Small Business Lending Oversight Act of 2016

(Sec. 2) This bill amends the Small Business Act to establish within the Small Business Administration (SBA) an Office of Credit Risk Management (OCRM) to impose specified administrative penalties, including monetary penalties, on any loan-financing lender that knowingly and repeatedly:

fails properly to determine and document that a small business loan is eligible for financing, including failure to document that a loan is eligible because the applicant is unable to obtain credit elsewhere (from non-federal, non-state, or non-local government sources); sells the guaranteed portion of a loan when the loan proceeds have not been fully disbursed in accordance with program requirements; imposes on a loan applicant a fee that the SBA has not specifically authorized; or re-amortizes a loan solely to make the loan appear current. The SBA shall conduct annual risk analyses of its loan portfolio.

(Sec. 3) The term "credit elsewhere" shall expand beyond non-federal sources to encompass credit to an individual loan applicant on reasonable terms and conditions from non-state and non-local government sources, including but not limited to:

the business industry in which the loan applicant operates; whether the applicant is an enterprise that has been in operation for less than two years; the adequacy of the collateral available to secure the requested loan; and the loan term necessary to reasonably assure the applicant's ability to repay the debt from the actual or projected cash flow of the business. (Sec. 4) The SBA shall assess a separate fee of up to 0.03% per year of the outstanding balance of the deferred participation share of each approved loan, whose proceeds shall be used solely to support OCRM operations.

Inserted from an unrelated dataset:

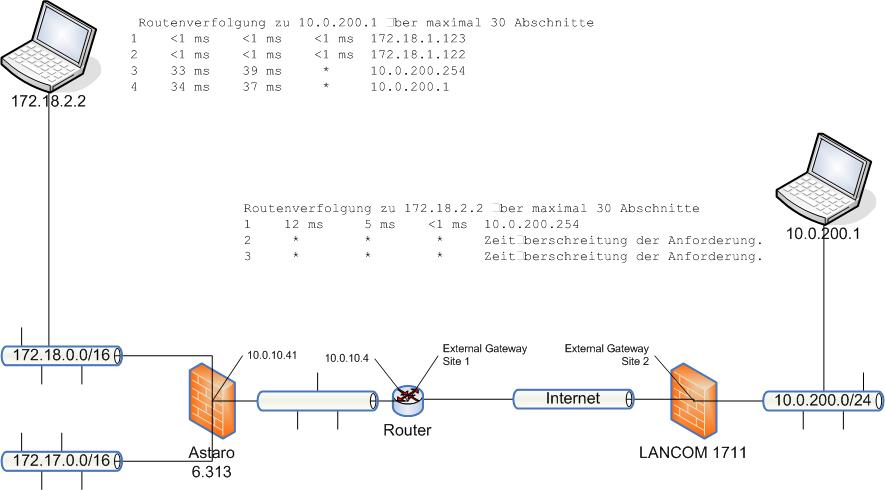 The connection is established and I have access to the PC on the other site but I dont have access from the LANcom site to the PC on my site.

The SBA shall collect a fee (currently discretionary) for any loan guarantee sold into the secondary market in an amount equal to 50% of the portion of the sale price that exceeds 108% (currently 110%) of the outstanding principal amount of the portion of the loan guaranteed by the SBA.

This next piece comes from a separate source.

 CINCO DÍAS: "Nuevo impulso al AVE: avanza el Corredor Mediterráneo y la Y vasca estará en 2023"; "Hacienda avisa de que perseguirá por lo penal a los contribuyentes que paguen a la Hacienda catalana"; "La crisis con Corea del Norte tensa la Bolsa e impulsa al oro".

(Sec. 5) The SBA shall also, at the end of each year, calculate the percentage of loans in a lender's portfolio made without a contribution of borrower equity when the loan's purpose was to establish a new small business concern, to effectuate a change of small business ownership, or to purchase real estate. This requirement applies only to a lender that makes loans under authority delegated to the lender as a participant in the Preferred Lenders Program. No new loan application without a contribution of borrower equity, except in certain circumstances, may be approved if more than 15% of the lender's loan portfolio is without such a contribution.

The SBA shall make end-of-year calculations, too, of industry concentrations for each such lender, using the applicable six-digit classification code under the North American Industry Classification System. No new loan application to a lender from a small business concern operating in a single industry, except in certain circumstances, may be approved if over 20% of the lender's loans are concentrated in that industry.

The SBA may not approve any loan if its financing is more than 100% of project costs.

(Sec. 6) A lender may use an outside agent or lender service provider to assist in identifying potential applicants and with processing, disbursing, servicing, and liquidating a loan.

With respect to an SBA loan for plant acquisition, construction, conversion, or expansion, including the acquisition of land, material, supplies, equipment, and working capital, as well as a loan to any qualified small business concern, no lender may, without SBA approval, sell an amount higher than 85% of the loan, or the percentage guaranteed by the SBA, whichever is greater.